Upon the album's UK release in February 2010, Stone told Pete Lewis of Blues & Soul: "Being as I've delivered four decent albums already, I felt it was safe to switch up and do something different this time. And musically overall I just wanted to have FUN! I wanted to do something that embodies a jam kinda feel, so that we could have some fun in concert and show people everything doesn't always have to be so serious."

Critical reception

Unexpected received a weighted score of 67 out of 100 from review aggregate website Metacritic, indicating "generally favorable reviews", based on nine reviews from music critics. In his review for Clash, Kevin Angel declared the album Stone's "strongest to date, as she delivers an LP that effortlessly combines the finest elements of neo soul with old-skool R&B. The album sees Stone lay down some of her most honest tunes to date." However, he criticized the inclusion of the song "Tell Me", a "song built on a techno groove feels out of place, and the use of auto-tune seems like a desperate attempt to give the album a more commercial appeal." Chris Roberts from BBC Music called the album "a likeable blend of soul and funk with judicious little dashes of rap," adding: "It’s a neo-soul record. A very good one, because that’s what she does, her passionate voice bringing abundant personality [...] The album’s unsurprising, and often unconscionably fine."

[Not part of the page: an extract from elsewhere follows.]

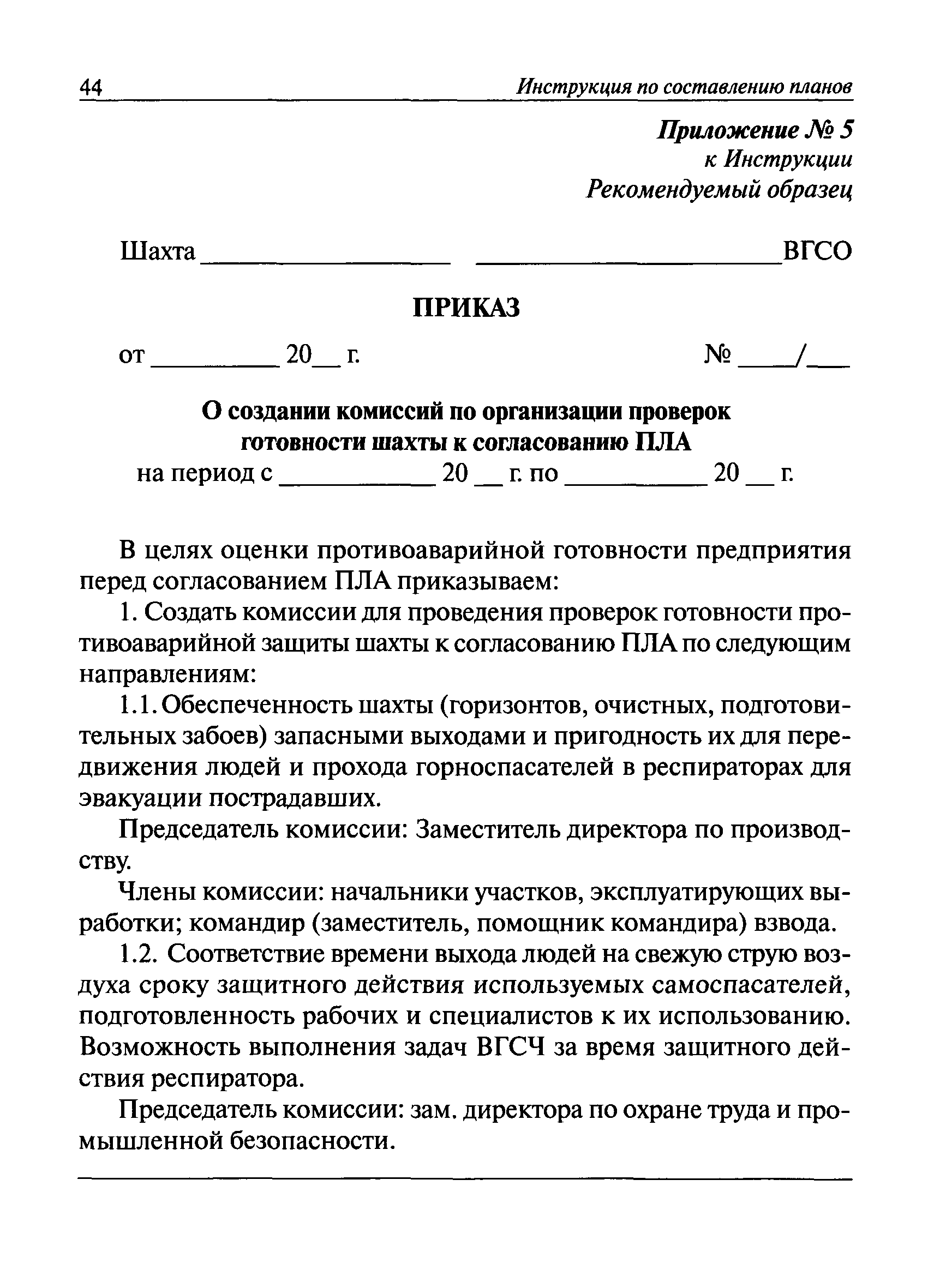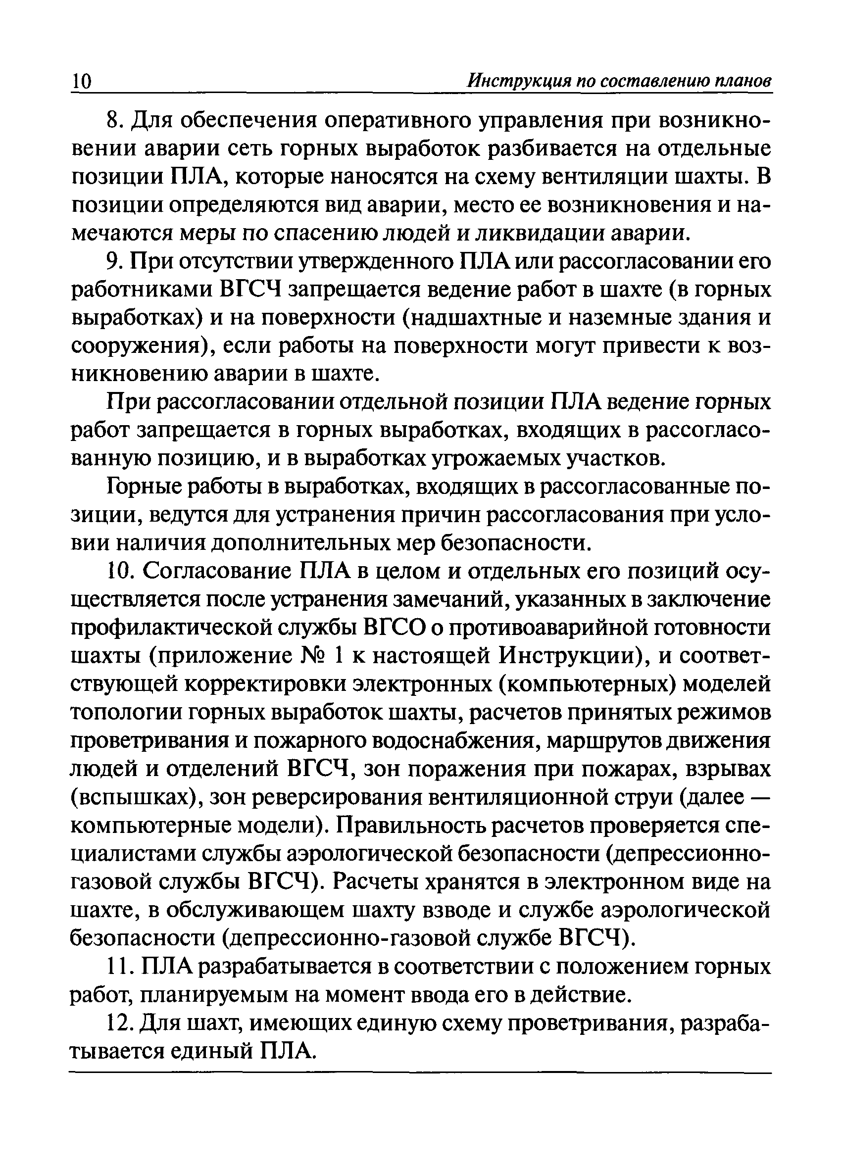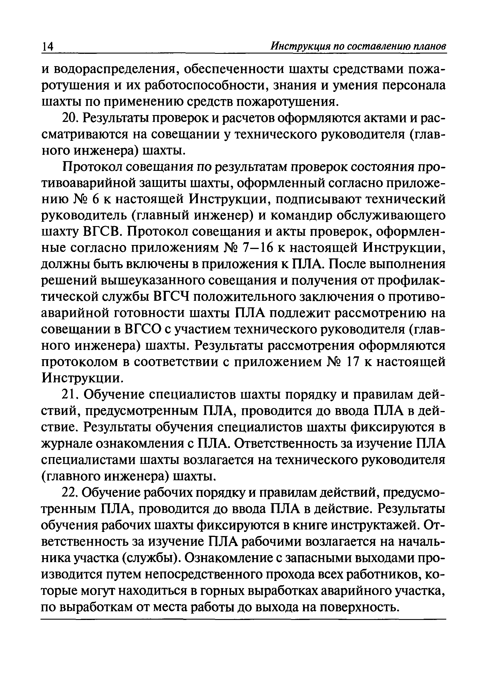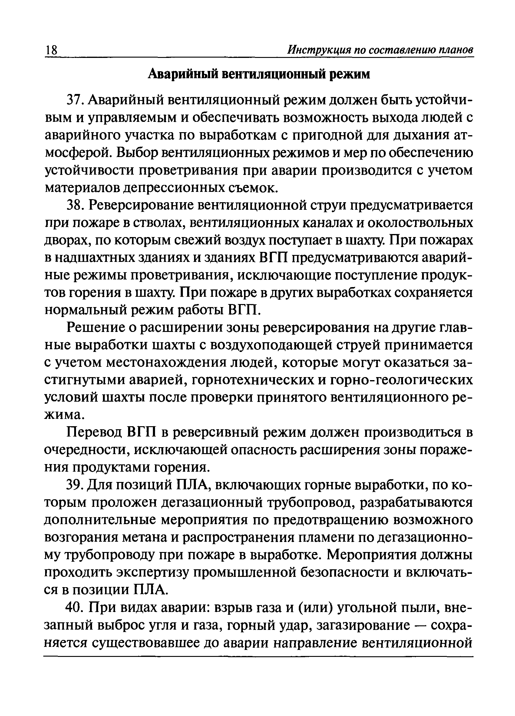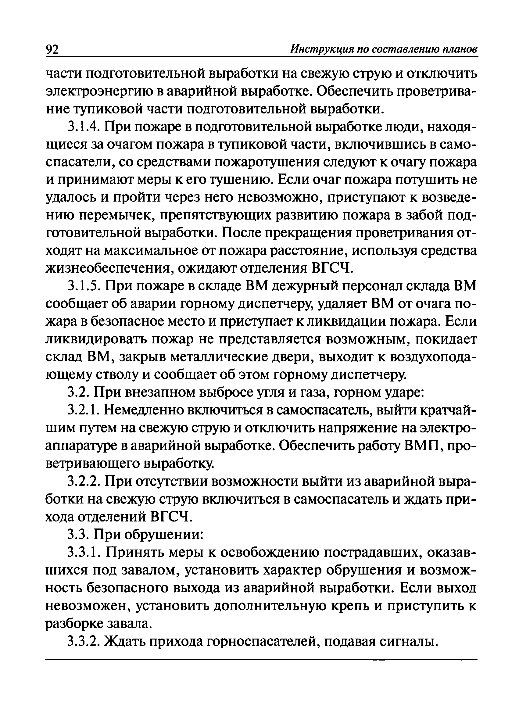 | Оглавление: | I. Общие положения II. Оперативная часть плана ликвидации аварий III. Графическая часть IV. Порядок внесения изменений и дополнений в план ликвидации аварий V. Мероприятия по спасению людей и ликвидации аварий, включаемые в общие для шахты позиции плана ликвидации аварий Приложение № 1. Заключение профилактической службы ВГСО о противоаварийной готовности шахты Приложение № 2. План ликвидации аварии на шахте Приложение № 3. Лист регистрации изменений Приложение № 4. Состав ПЛА Приложение № 5. Приказ о создании комиссий по организации проверок готовности шахты к согласованию ПЛА Приложение № 6. Протокол совещания по результатам проверок состояния противоаварийной защиты шахты Приложение № 7. Акт проверки обеспеченности шахты, ее горизонтов, панелей, очистных и подготовительных выработок запасными выходами, пригодности выработок шахты для передвижения и прохода горноспасателей в респираторах Приложение № 8. Акт проверки соответствия времени выхода людей на свежую струю воздуха сроку защитного действия самоспасателей, подготовленности работников к их использованию, возможности выполнения задач ПЛА отделениями ВГСЧ за время защитного действия штатных респираторов Приложение № 9. Акт определения времени загазирования тупиковых забоев в случае остановки вентиляторов местного проветривания Приложение № 10. Акт оценки газовой обстановки на выемочных участках с комбинированной схемой проветривания при возможных аварийных остановках ГОУ и их совместной работе с ВГП, работающими в аварийных режимах Приложение № 11. Акт проверки устойчивости вентиляционных режимов в горных выработках шахты и эффективности принятых мер по предотвращению самопроизвольного опрокидывания вентиляционной струи при пожаре Приложение № 12. Акт проверки состояния вентиляционных устройств и вентиляторных установок, а также возможности выполнения намечаемых вентиляционных режимов Приложение № 13. Акт проверки состояния средств связи, систем оповещения об аварии и средств поиска людей, застигнутых аварией Приложение № 14. Акт проверки ВГС Приложение № 15. Акт проверки обеспеченности шахты средствами пожаротушения и их состояния, оценки технической возможности реализации режимов водоснабжения шахты, предусматриваемых в позициях ПЛА, для организации подачи воды на цели пожаротушения Приложение № 16. Акт проверки аварийных вентиляционных режимов, предусмотренных ПЛА Приложение № 17. Протокол рассмотрения плана ликвидации аварии шахты Приложение № 18. Оперативный журнал Приложение № 19. Список членов ВГС шахты Приложение № 20. Положение о командном пункте по ликвидации аварии Приложение № 21. Приказ о размещении в административно-бытовом комбинате специальных служб при авариях Приложение № 22. Действия должностных лиц и специалистов, участвующих в ликвидации аварий Приложение № 23. Действия работников, застигнутых аварией в шахте Приложение № 24. Критерий разработки позиций ПЛА в зависимости от вида аварии Приложение № 25. Список № 1 должностных лиц и учреждений, извещаемых об аварии Приложение № 26. Мероприятия по аварийной подаче воды на тушение пожара Приложение № 27. Очередность направления отделений ВГСЧ и выдаваемые им задания для спасения людей и ликвидации аварии Приложение № 28. План взаимодействия отделений ВГСЧ и пожа

Allmusic editor Thom Jurek, giving the album three-and-a-half-out-of-five-star rating, found that with Unexpected Stone "delves deeper into funk and hip-hop than on her previous outings [...] These dozen tracks continue to reveal her versatility as a vocalist and recording artist; she can sing whatever it is she wants to with equal verve, authenticity, and flair. Despite the slicker and more diverse sounds on Unexpected, the soul quotient is high, even if this isn’t strictly a neo-soul album [...] Unexpected simply feels like a leap more than a step." Tyler Lewis from PopMatters noted that "it’s another great Angie Stone record that gives you plenty to savor [...] She is singular in her ability to be among the most stylistically diverse contemporary artists of our time, without being flashy about it. By now, Stone should know that we know this and love her for it. That she doesn’t, is perhaps, what’s really unexpected."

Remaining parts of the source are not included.